Start of EXTRACTED MATERIAL

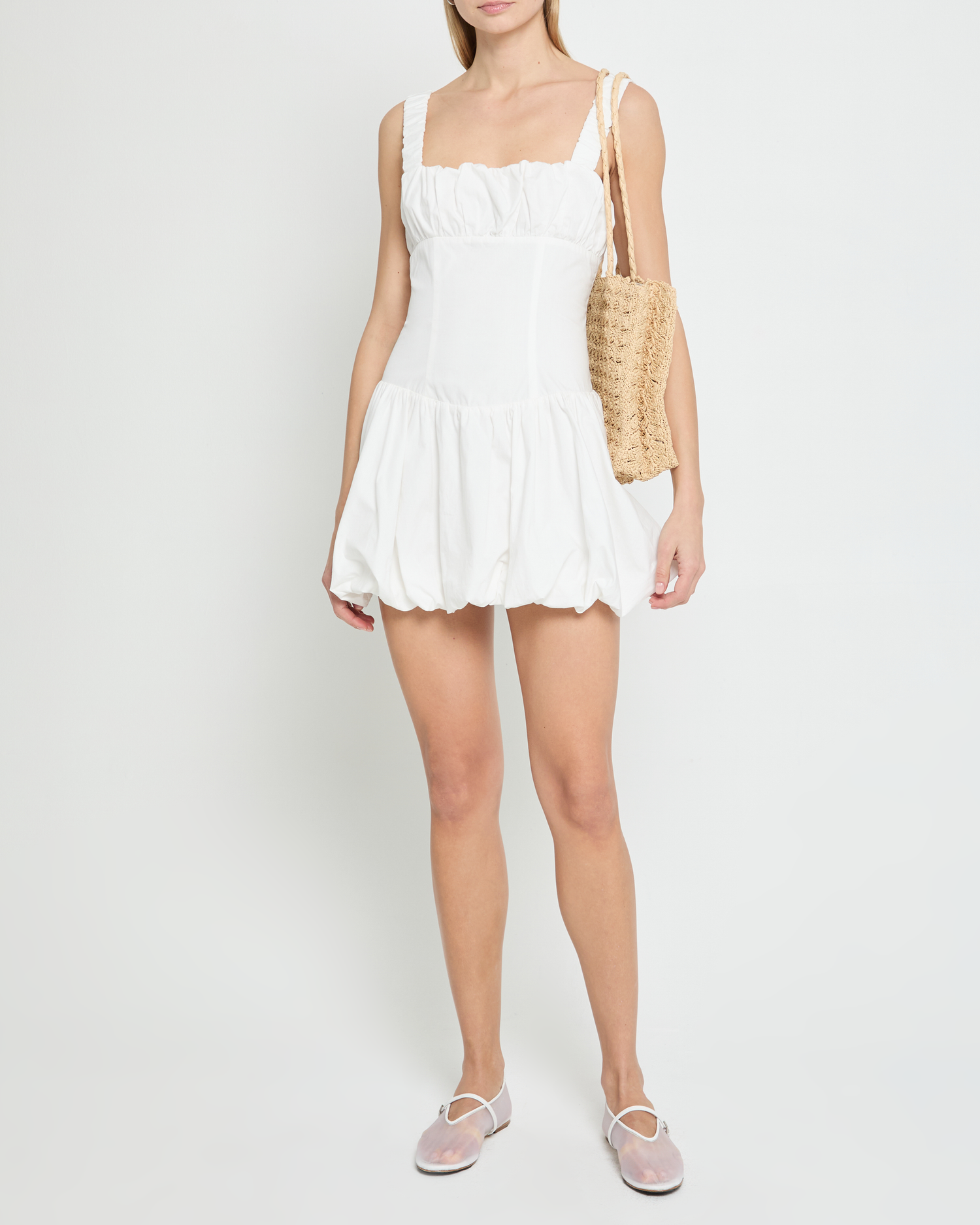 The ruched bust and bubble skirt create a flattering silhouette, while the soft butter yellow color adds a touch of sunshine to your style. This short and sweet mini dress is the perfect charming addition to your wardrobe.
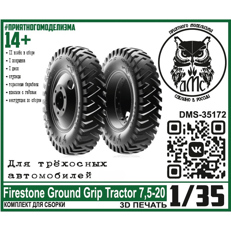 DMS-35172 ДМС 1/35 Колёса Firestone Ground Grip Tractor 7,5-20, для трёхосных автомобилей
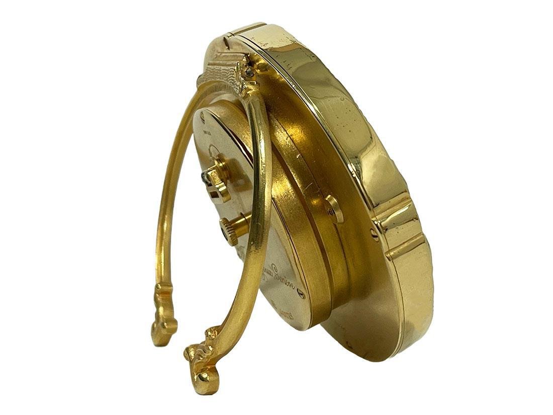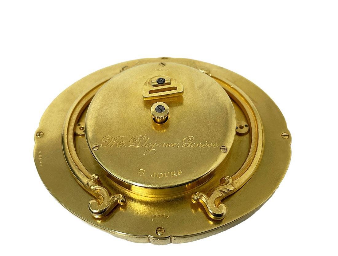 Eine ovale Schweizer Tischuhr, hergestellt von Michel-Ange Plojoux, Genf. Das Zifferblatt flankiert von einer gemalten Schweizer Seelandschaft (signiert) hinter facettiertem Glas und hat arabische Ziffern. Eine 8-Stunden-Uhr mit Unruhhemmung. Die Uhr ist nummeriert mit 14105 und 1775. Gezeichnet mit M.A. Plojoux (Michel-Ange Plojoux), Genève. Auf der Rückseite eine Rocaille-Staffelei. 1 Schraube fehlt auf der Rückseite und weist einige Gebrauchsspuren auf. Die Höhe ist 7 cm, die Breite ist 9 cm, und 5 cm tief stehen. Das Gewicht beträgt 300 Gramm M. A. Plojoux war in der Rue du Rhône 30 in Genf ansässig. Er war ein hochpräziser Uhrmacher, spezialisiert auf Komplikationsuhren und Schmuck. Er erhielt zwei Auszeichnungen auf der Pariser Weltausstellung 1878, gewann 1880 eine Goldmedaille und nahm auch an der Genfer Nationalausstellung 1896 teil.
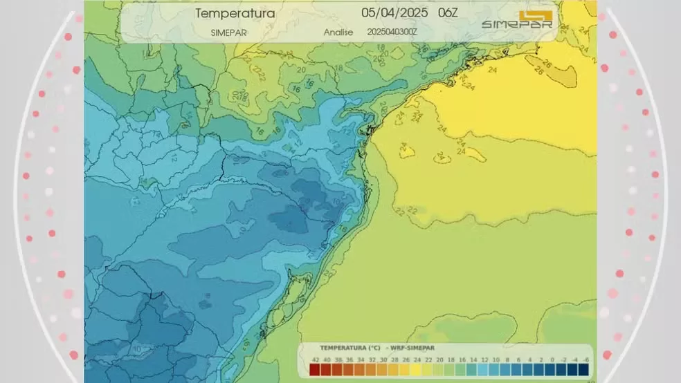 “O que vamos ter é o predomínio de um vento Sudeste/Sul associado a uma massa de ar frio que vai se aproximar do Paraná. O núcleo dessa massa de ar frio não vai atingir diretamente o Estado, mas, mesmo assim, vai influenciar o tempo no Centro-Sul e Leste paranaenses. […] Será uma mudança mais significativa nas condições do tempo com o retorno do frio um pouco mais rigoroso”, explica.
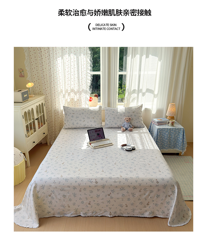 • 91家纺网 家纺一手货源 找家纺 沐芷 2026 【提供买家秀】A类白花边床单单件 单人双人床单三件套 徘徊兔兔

End of EXTRACTED MATERIAL

Send back every line of the listing exactly. Omit the images.

 The ruched bust and bubble skirt create a flattering silhouette, while the soft butter yellow color adds a touch of sunshine to your style. This short and sweet mini dress is the perfect charming addition to your wardrobe.
 DMS-35172 ДМС 1/35 Колёса Firestone Ground Grip Tractor 7,5-20, для трёхосных автомобилей
 Eine ovale Schweizer Tischuhr, hergestellt von Michel-Ange Plojoux, Genf. Das Zifferblatt flankiert von einer gemalten Schweizer Seelandschaft (signiert) hinter facettiertem Glas und hat arabische Ziffern. Eine 8-Stunden-Uhr mit Unruhhemmung. Die Uhr ist nummeriert mit 14105 und 1775. Gezeichnet mit M.A. Plojoux (Michel-Ange Plojoux), Genève. Auf der Rückseite eine Rocaille-Staffelei. 1 Schraube fehlt auf der Rückseite und weist einige Gebrauchsspuren auf. Die Höhe ist 7 cm, die Breite ist 9 cm, und 5 cm tief stehen. Das Gewicht beträgt 300 Gramm M. A. Plojoux war in der Rue du Rhône 30 in Genf ansässig. Er war ein hochpräziser Uhrmacher, spezialisiert auf Komplikationsuhren und Schmuck. Er erhielt zwei Auszeichnungen auf der Pariser Weltausstellung 1878, gewann 1880 eine Goldmedaille und nahm auch an der Genfer Nationalausstellung 1896 teil.
 “O que vamos ter é o predomínio de um vento Sudeste/Sul associado a uma massa de ar frio que vai se aproximar do Paraná. O núcleo dessa massa de ar frio não vai atingir diretamente o Estado, mas, mesmo assim, vai influenciar o tempo no Centro-Sul e Leste paranaenses. […] Será uma mudança mais significativa nas condições do tempo com o retorno do frio um pouco mais rigoroso”, explica.
 • 91家纺网 家纺一手货源 找家纺 沐芷 2026 【提供买家秀】A类白花边床单单件 单人双人床单三件套 徘徊兔兔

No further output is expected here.